A: I became aware of God and Jesus the few times I attended Sunday school at a local Christian church. Later, when I was thirteen and enrolled in a Christian school, I became aware of others who had a personal relationship with God. When one of my classmates, Marsha Mosher, prayed out loud and began with the word “Father,” I recognized the difference instantly. She knew God intimately. I longed for that kind of loving expression to be authentic and real within my life.

I had been raised to revere Joseph Smith and worship my dad, Ervil LeBaron, as the “one mighty and strong,” the one on earth designated to speak for God. When I understood how I had been misled, I began questioning myself. Is God’s love really genuine and available to me? Can I really be a part of His family? Answering those questions are what helped me know God, the Father, in an authentic way and gave my spiritual expression a genuineness I hadn’t experienced before.
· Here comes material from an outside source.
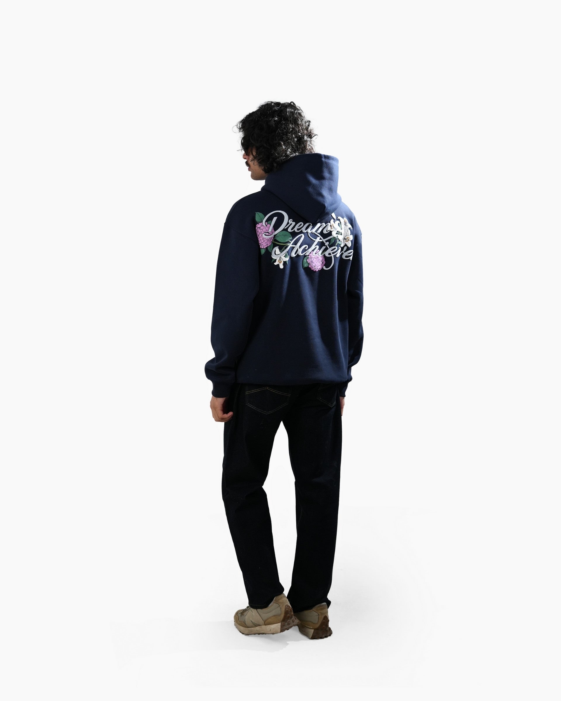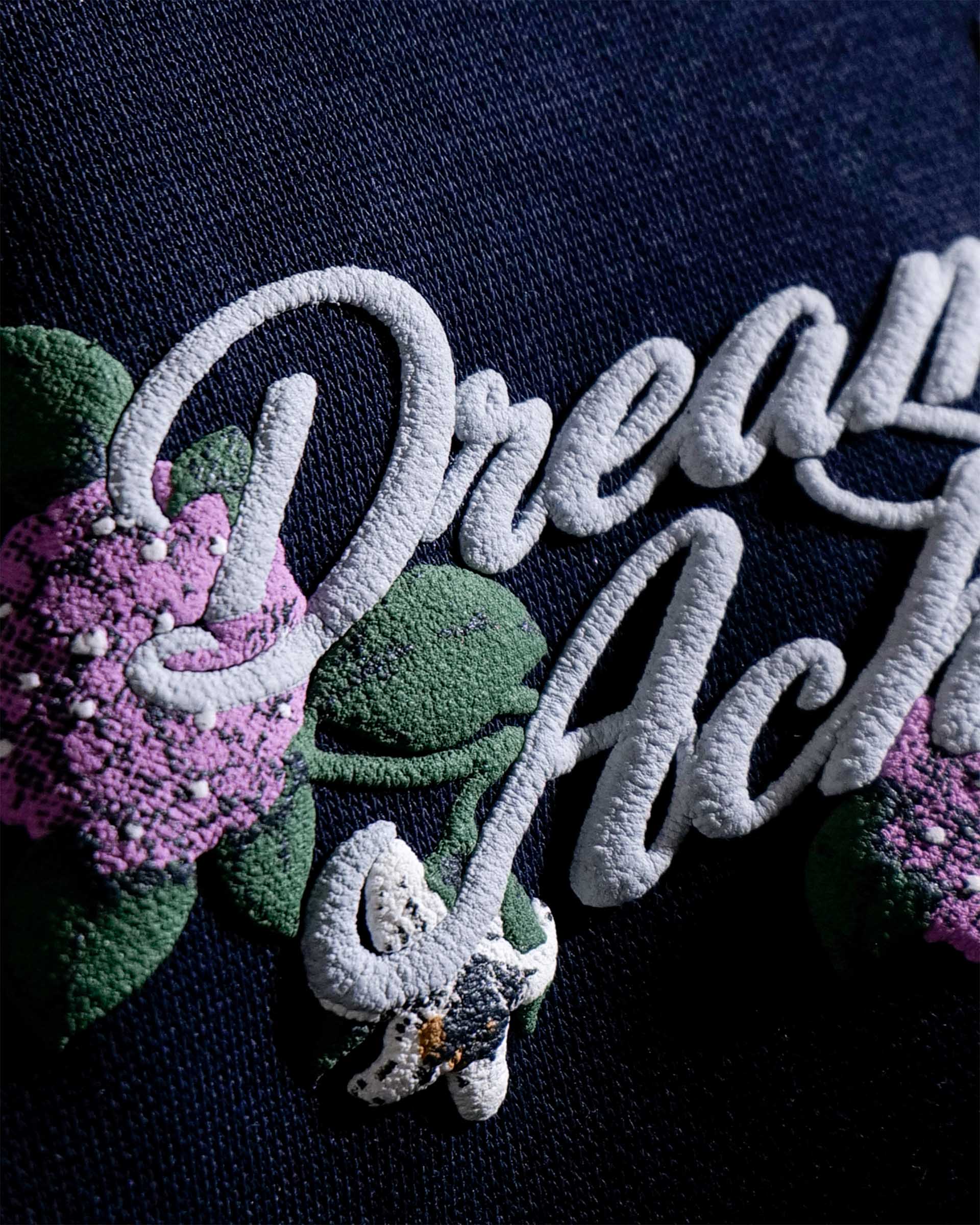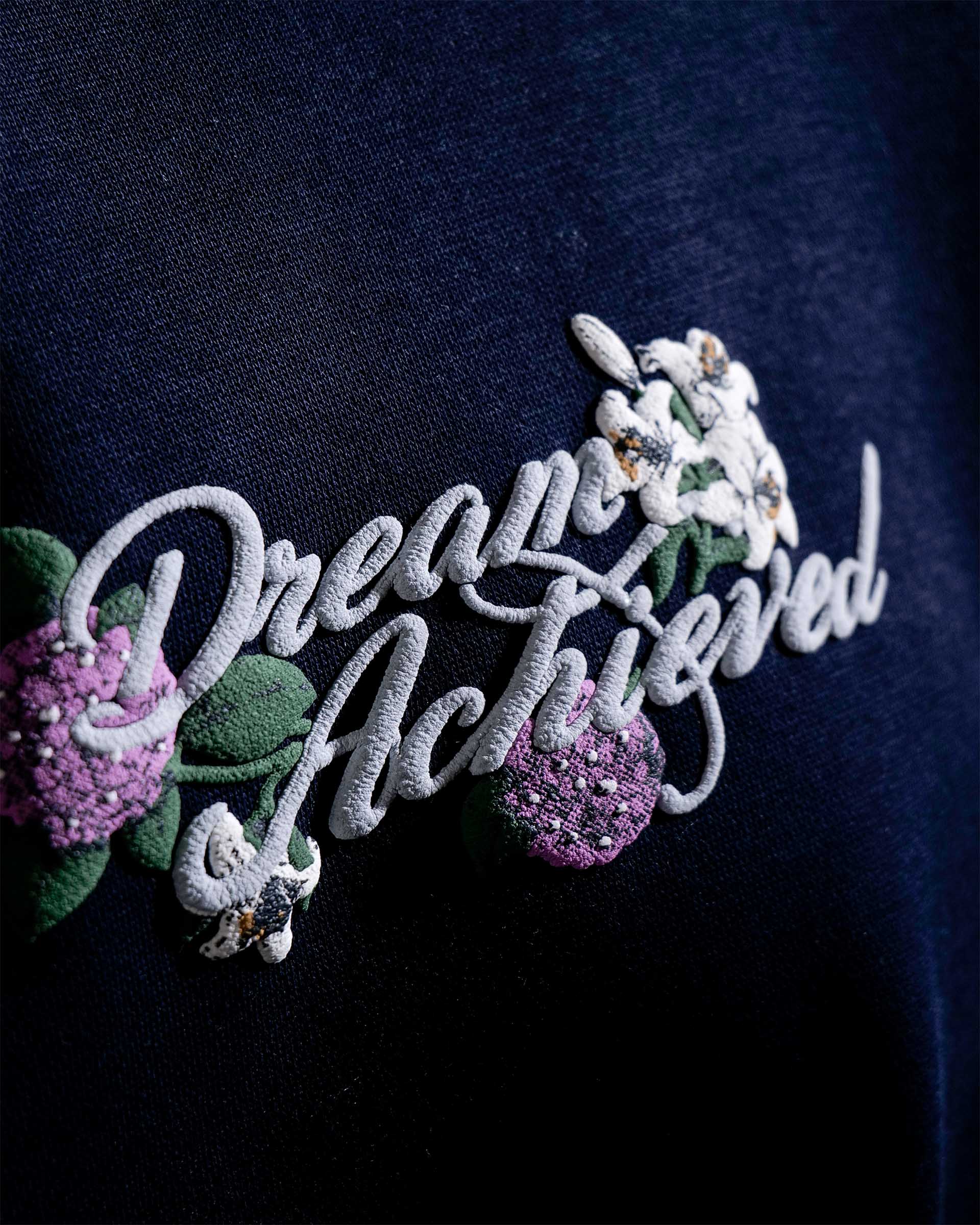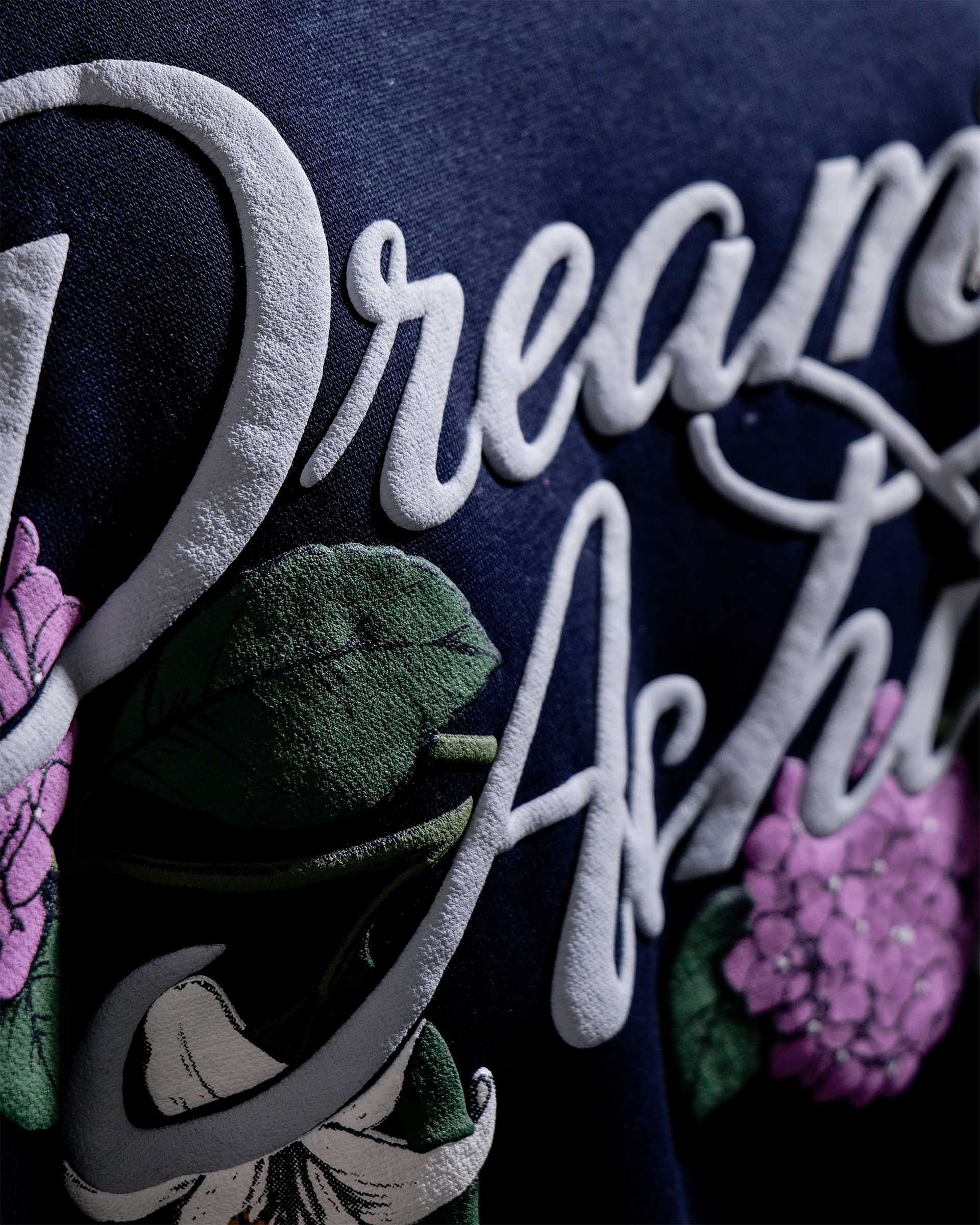 The Dream Achieved hoodie in navy is constructed from heavyweight 400 GSM three-thread cotton fleece, offering a structured yet comfortable feel. Designed with an oversized fit, it features detailed puff print artwork on both the front and back. A specialised screen-printing technique is used to achieve enhanced puff and depth, making the artwork stand out against the deep navy base. Finished with 2x2 ribbed hems on the sleeves and bottom for added durability and shape retention.

Q: You now have a beautiful family. What do your children know about your childhood?

A: I love my children! When they were little, I wanted to protect their young minds from having to carry the weight of knowing about my family of origin. They grew up not knowing anything about my father, except what they may have overheard in bits and pieces. It wasn’t until my oldest was a teenager that I began to openly discuss the events of my childhood, leaving out many details. Most of what I tell in the book will be a surprise to even those family and friends I feel closest to. I’m hoping that my children will understand me better when they decide to read this book.

Q: What was the book-writing experience like? I can’t imagine the courage and vulnerability it must have taken.
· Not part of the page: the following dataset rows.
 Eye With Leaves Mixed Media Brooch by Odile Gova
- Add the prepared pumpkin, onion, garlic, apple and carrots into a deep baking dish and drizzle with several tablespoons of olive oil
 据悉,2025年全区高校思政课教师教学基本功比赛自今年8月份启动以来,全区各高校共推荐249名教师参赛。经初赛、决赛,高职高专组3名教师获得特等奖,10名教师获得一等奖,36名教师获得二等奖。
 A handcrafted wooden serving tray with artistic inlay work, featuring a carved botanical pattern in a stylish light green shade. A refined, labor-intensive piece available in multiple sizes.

A: I have known for decades that I wanted to write a book and tell my story. The book-writing experience was more difficult than I ever expected. The amount of detail, storytelling, and editing needed was more than I had bargained for.

Writing a book is in so many ways like having a baby. I’m convinced that no one is ever “prepared” to have a baby, no matter how well-read or experienced you are with other people’s babies. I’m eager to “deliver” this book-baby to the world and am hoping for the best possible outcome and reception.

Q: Can you see ways that God has used the bad things in your upbringing for good today?

A: Definitely. First, I speak Spanish fluently, which has been invaluable in my business and professional life. It also comes in handy when I need to talk to my siblings and don’t want my kids to understand what I’m saying. I have learned to be a peacemaker because I can see two sides of a situation clearly. My experiences have made me relatable, empathetic, and compassionate toward others. My upbringing gives me credibility when speaking to others, and I feel very comfortable in front of a crowd. I’m told that I inherited my father’s intelligence and charisma.

Q: What is one thing you hope your readers take from your story?

A: Hope and courage. I especially desire this for them if they have experienced trauma or abuse of any kind in their life. There is a lot of living left for all of us to do. Pursuing true freedom and healing in a holistic way that involved my body, soul, and spirit was what worked for me.